The plant has been manufacturing and reconditioning rolling-mill components for customers for decades.

Service Guide was founded in the mid-1960s in Cortland as a repair, welding and machine company. It acquired the Dietz Road facility in about 2000 from American Welding, said Steve Bedard, general manager of the Warren and Cortland plants.

Three years later, Siemens acquired Service Guide and rolled it into its metals technology group. Mitsubishi Heavy Metals partnered with Siemens in 2015 in a joint venture for the metals business, calling it Primetals Technologies. The arrangement lasted five years before Mitsubishi bought out Siemens, leaving Primetals Technologies fully owned by Mitsubishi Heavy Industries.
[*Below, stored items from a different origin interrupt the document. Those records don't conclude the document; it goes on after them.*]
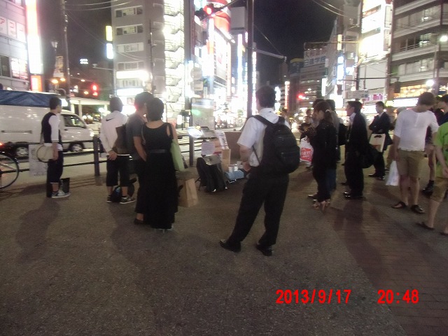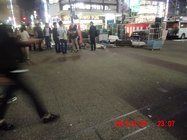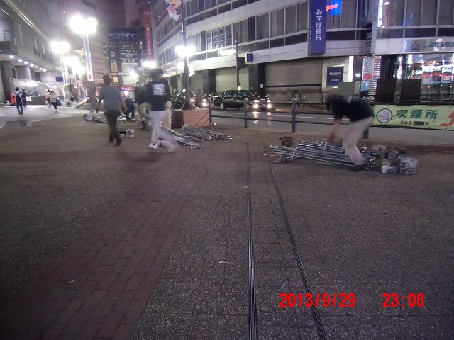 9月18日。 活動開始。真ん中の写真は昨夜不審物が並んでいた場所です。 |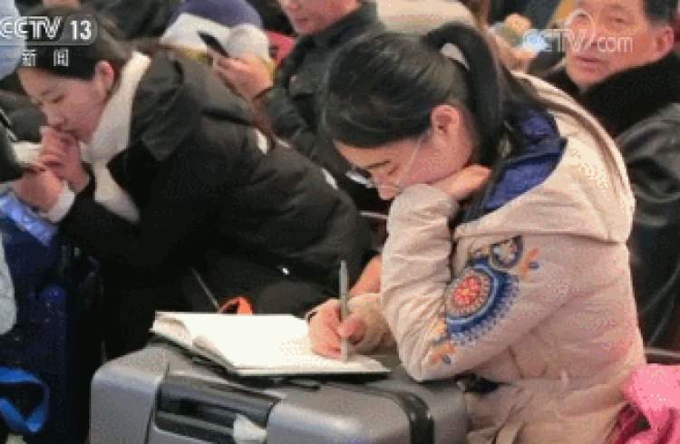 在嘈杂的人群中,我们发现了一个有些特别的女孩儿。她正倚着行李箱边看书边做注解。交谈中我们得知,学校刚放假,她就急着买票回家了。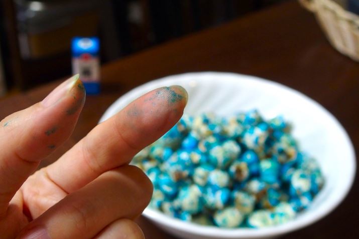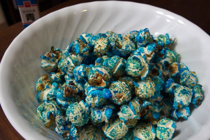 ハロウィンパーティーを意識して、ブルーの食紅で甘い系ポップコーンに仕上げてみましたが……手に付いてしまうのでちょっと失敗。口の中はお見せできない状態に(笑)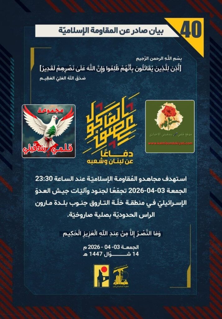 أصدرت المقاومة الاسلامية بعد البيان رقم (38 و 39) مباشرة بيان رقم “40” :”دفاعًا عن لبنان وشعبه، استهدف مجاهدو المُقاومة الإسلاميّة عند الساعة 23:30 الجمعة 03-04-2026 تجمّعًا لجنود وآليّات جيش العدوّ الإسرائيليّ في منطقة خلّة التاروق جنوب بلدة مارون الراس الحدوديّة بصلية صاروخيّة.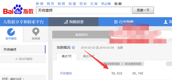 首先,我们看一下,最新电影《天将雄狮》,百度指数很高。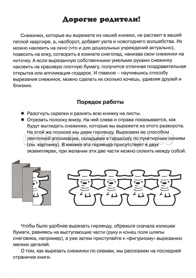 Снежинки, которые вы вырежете из нашей книжки, не растают в вашей теплой квартире, а, наоборот, добавят уюта и новогоднего волшебства. Классическая технология, доступная детям! И главное - научившись способу вырезания снежинок, можно сделать их сколько хочешь, удивляя друзей и близких. Приучайте детей фантазировать, работать руками и создавать красоту!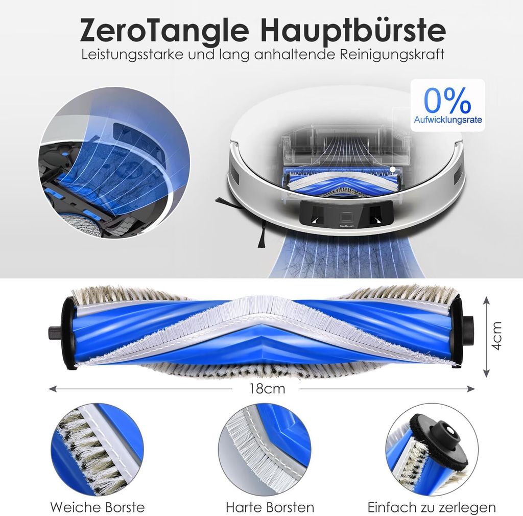 Die Gummibürsten sind super langlebig und wickeln sich nicht so schnell zu - perfekt gegen Haare und Staub! Die Wischtücher entfernen selbst hartnäckige Flecken wie Fruchtsaft oder Ölspuren. Und die Staubbeutel mit Aktivkohle-Filterung halten 99% des Drecks sicher fest - kein Staub mehr in der Luft!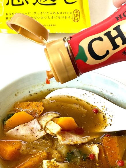ポトフにカレーの恩返しだけでもすごく旨くて好きなんですが、ここにCHILLIES!(チリーズ)を25滴入れる。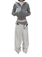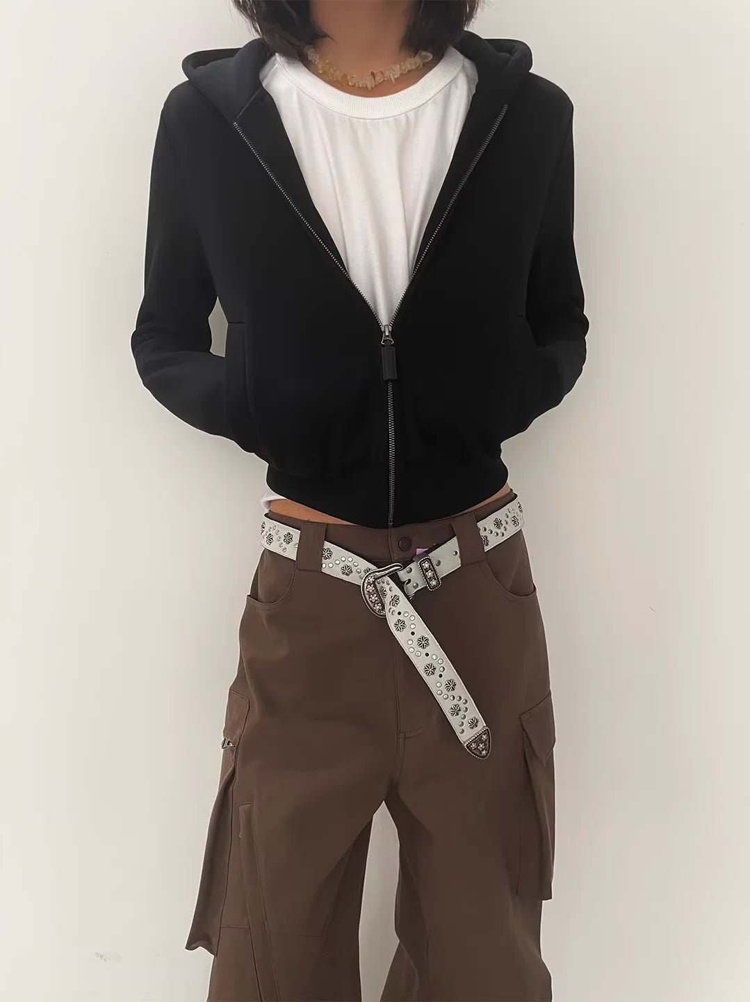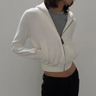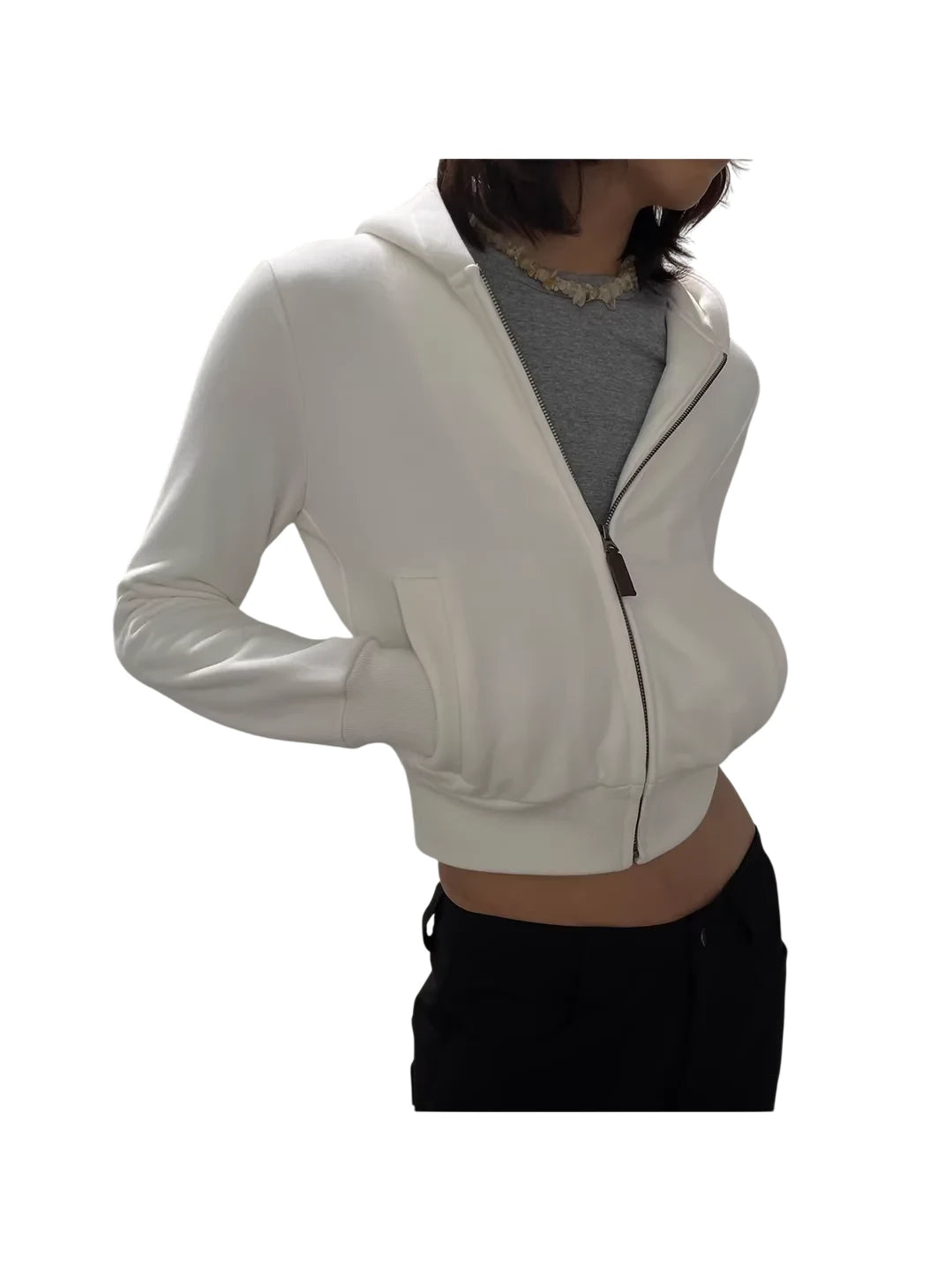 This women's cropped hoodie features a snug fit and is fleece-lined for added warmth and comfort. Designed with a zip-up front in a light grey hue, it layers effortlessly over an inner top. Ideal for casual wear, this hoodie pairs well with a variety of bottoms for a modern, laid-back look.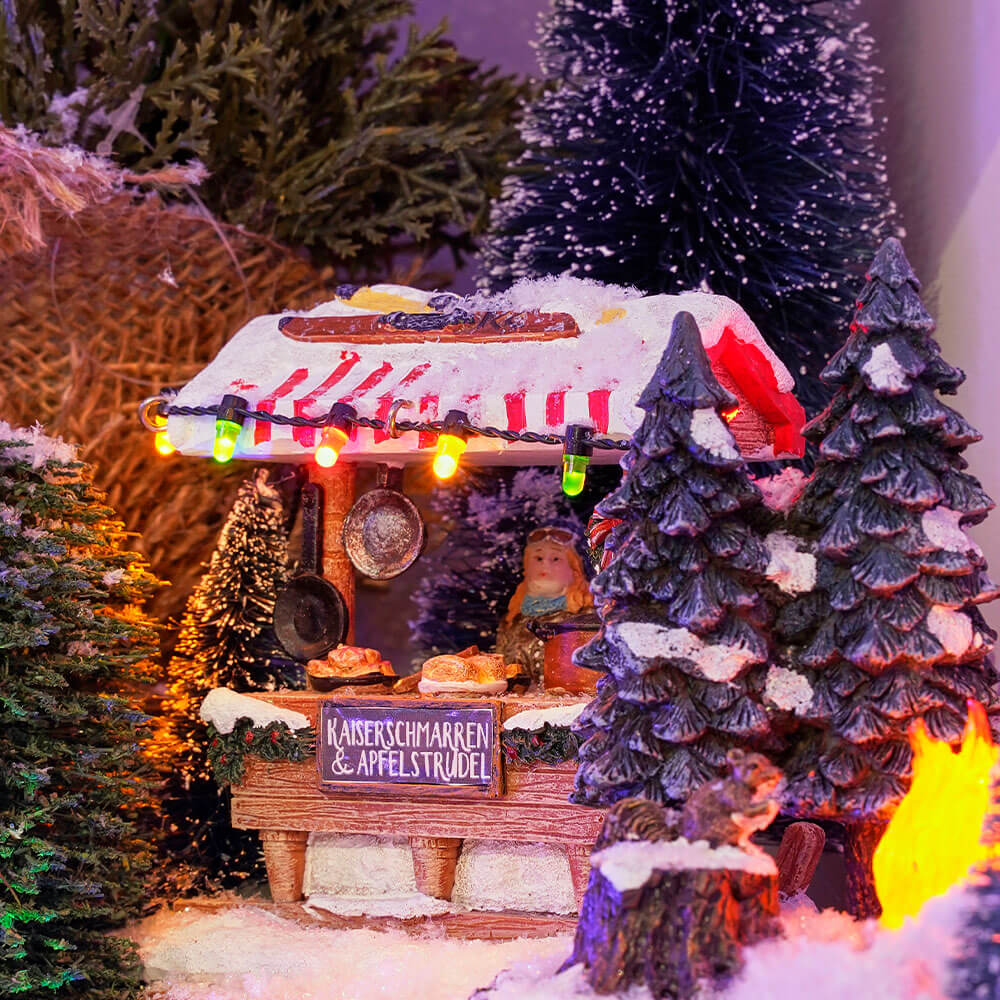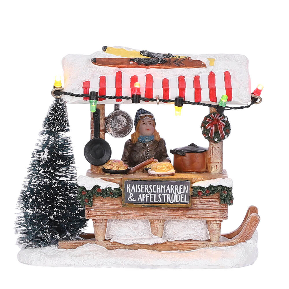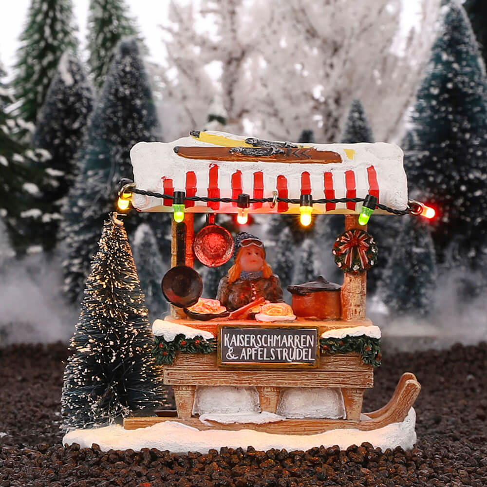 Die handbemalte Miniatur eines Verkaufsstands für Kaiserschmarren und Apfelstrudel aus der LuVille Schneewald Serie macht Appetit auf die süßen Leckereien in den Töpfen und Pfannen! Das warme Licht der bunten Lichterkette sorgt für zusätzliche Behaglichkeit. Der untere Teil des Marktstands ist geformt wie ein Schlitten, wärend das gestreifte Dach mit Schnee bedeckt und Skiern dekoriert ist.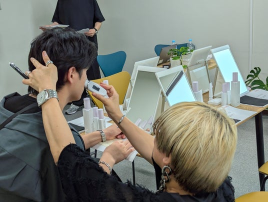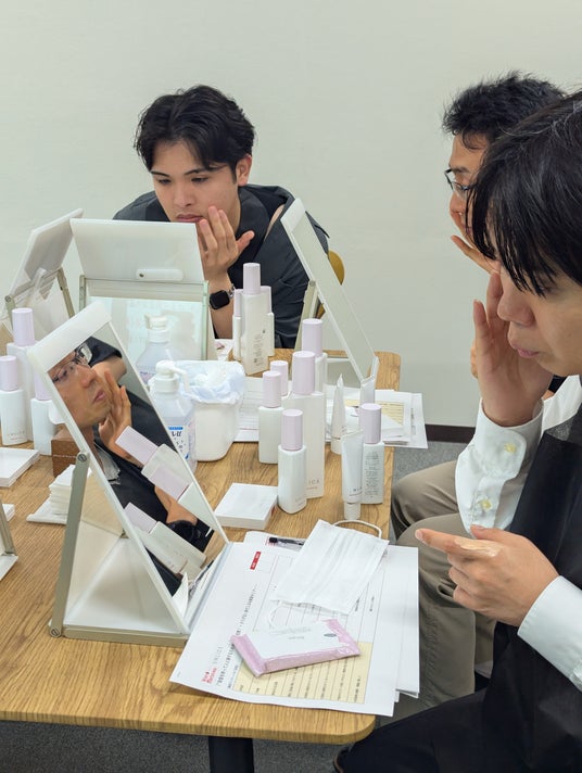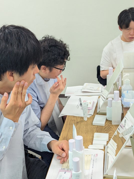 ベースメイクのセッションでは、モデルへのデモンストレーションを通じて、メイクバレすることなく肌を綺麗に見せるメイク方法を伝授。参加者一人ひとりを丁寧にサポートしつつも、基本的には参加者自らが仕上げる形式で行い、翌日から自分ひとりでも再現できる実践的なスキルを身につけました。参加者は自身の肌の見た目が変わっていくことを楽しみながら、美容のスキルを習得していました。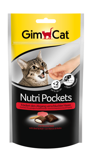 GimCat Nutri Pockets — хрусткі подушечки зі смачною начинкою. Подушечки з яловичиною і солодової пастою містять натуральний ароматний солод і вівсяні волокна. Солод сприяє просуванню їжі, а також природному виведенню поглиненої вовни і неперевариваемых компонентів.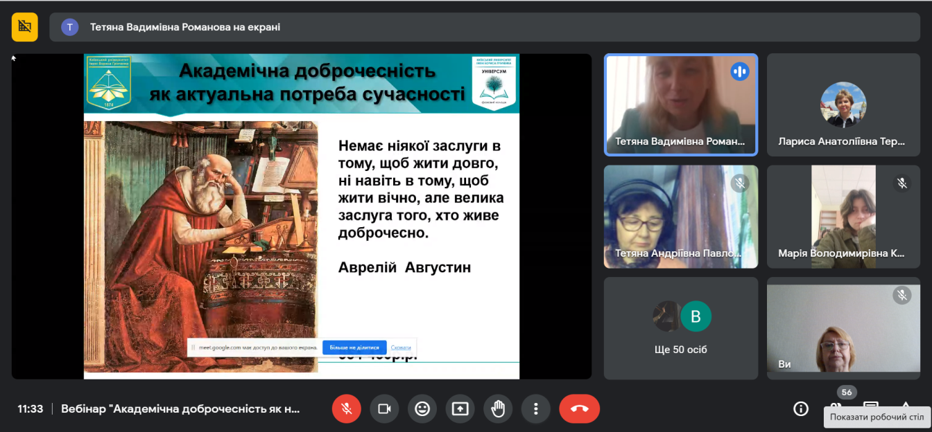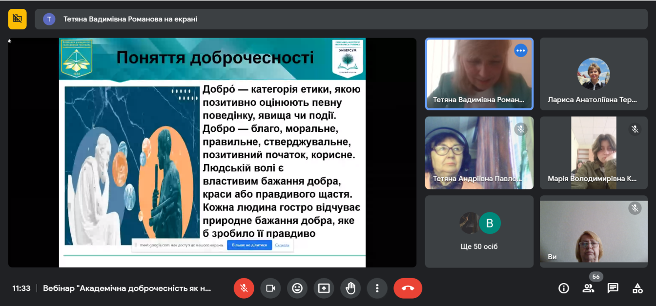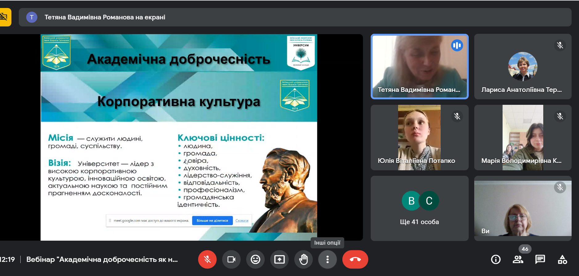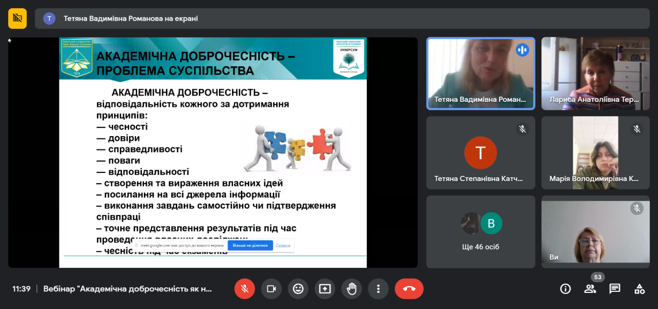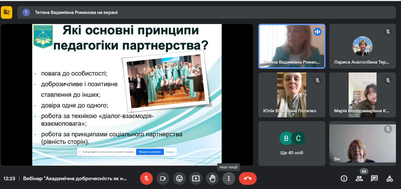 17.05.2023 року в рамках Фестивалю науки для викладачів циклової комісії музики і хореографії та студентів спеціальності "Музичне мистецтво" і "Хореографія" було проведено вебінар "Академічна доброчесність як норма корпоративної культури Університету Грінченка". Мета заходу полягала в розкритті змісту та ролі академічної доброчесності як важливого компонента корпоративної культури Університету, визначенні важливості дотримання фундаментальних принципів академічної доброчесності в освітньому процесі.

Talks to move the Morgoil line to Warren started in 2015. The decision was confirmed in 2017, Bedard said.

To make room for the new line and manufacturing equipment, space needed made. That meant, Bedard said, opening the rear of the building and moving production bays. It also meant moving equipment from Massachusetts to Warren.

What essentially happened was warehouse space was made into “operational, functional space” with roof, wall, lighting and floor upgrades. Heat also was added.

Part of the facility is dedicated to manufacturing new Morgoil bearings. The operation also includes bearing reclamation services.

The bearings were developed in the 1930s.

“The principle of the bearing is it slides in an oil film and the oil has a much higher compressibility module than steel, so basically … this bearing at the same size has a much higher capacity than a roller bearing,” Royo said.

“A roller bearing would have to be much, much bigger to carry the same (or) similar loads, making the complete hot strip mill much bigger, much more expensive,” Royo said.